Exercise details => Return the listing below unchanged, except that the pictures are dropped.
[Material provided Boundary: Start]
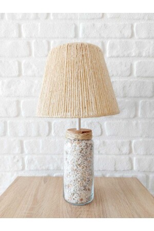 قشرة الشعير MNZ-Lampshade مع قاعدة حجر دولوميت أبيض ، قبعة حبل القنب الطبيعي من جوت و قبعة من النسيج في وعاء ز
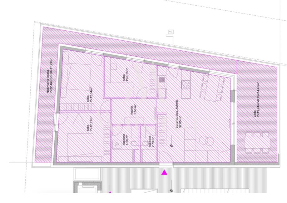 Stan je jugoistočne orijentacije i sastoji se od hodnika, dnevnog boravka s kuhinjom i blagovaonicom, tri spavaće sobe i dvije kupaonice. Neto korisna površina stana iznosi 79,28 m². Dodatno mu pripada natkrivena terasa (11,23 m²), lođa (31,17 m²), spremište (1,77 m²) te dva garažna parkirna mjesta, ukupne površine sa svim pripadcima 138,63 m².
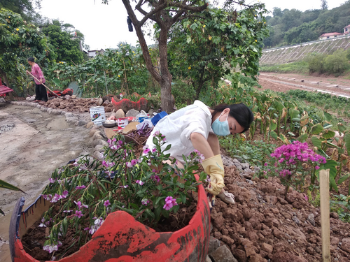 | 志愿者忙着栽种花草 |
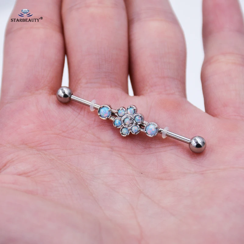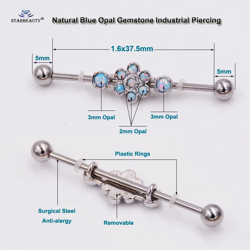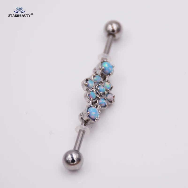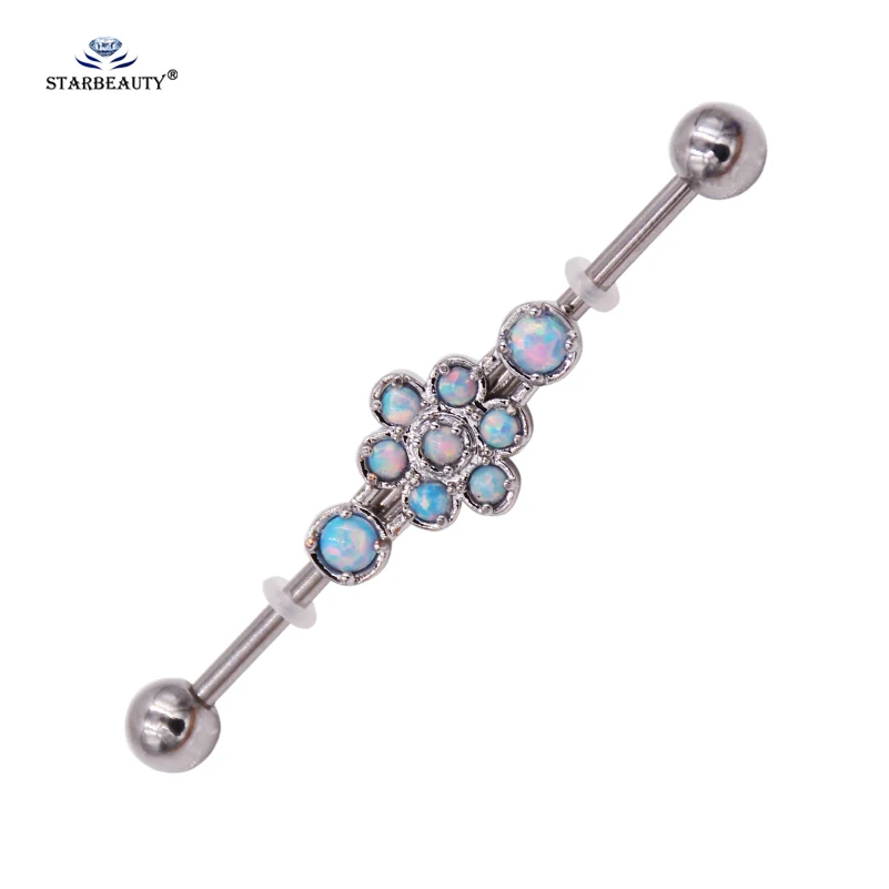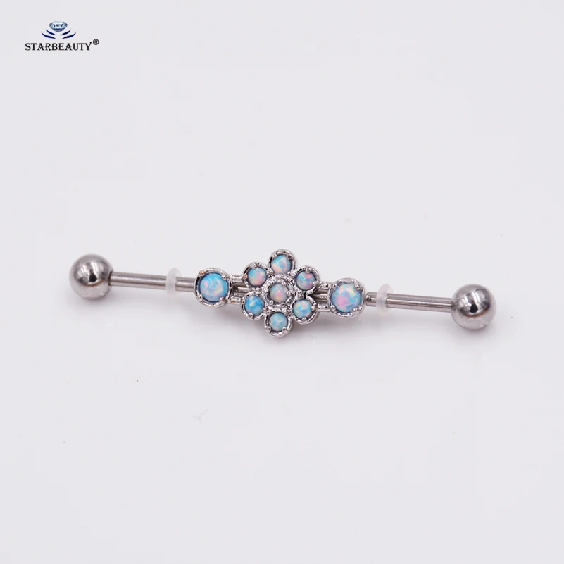 Opal Piercing Color:Blue opal Industrial Piercing Earrings
[Material provided Boundary: End]
Task response =>
 قشرة الشعير MNZ-Lampshade مع قاعدة حجر دولوميت أبيض ، قبعة حبل القنب الطبيعي من جوت و قبعة من النسيج في وعاء ز
 Stan je jugoistočne orijentacije i sastoji se od hodnika, dnevnog boravka s kuhinjom i blagovaonicom, tri spavaće sobe i dvije kupaonice. Neto korisna površina stana iznosi 79,28 m². Dodatno mu pripada natkrivena terasa (11,23 m²), lođa (31,17 m²), spremište (1,77 m²) te dva garažna parkirna mjesta, ukupne površine sa svim pripadcima 138,63 m².
 | 志愿者忙着栽种花草 |
 Opal Piercing Color:Blue opal Industrial Piercing Earrings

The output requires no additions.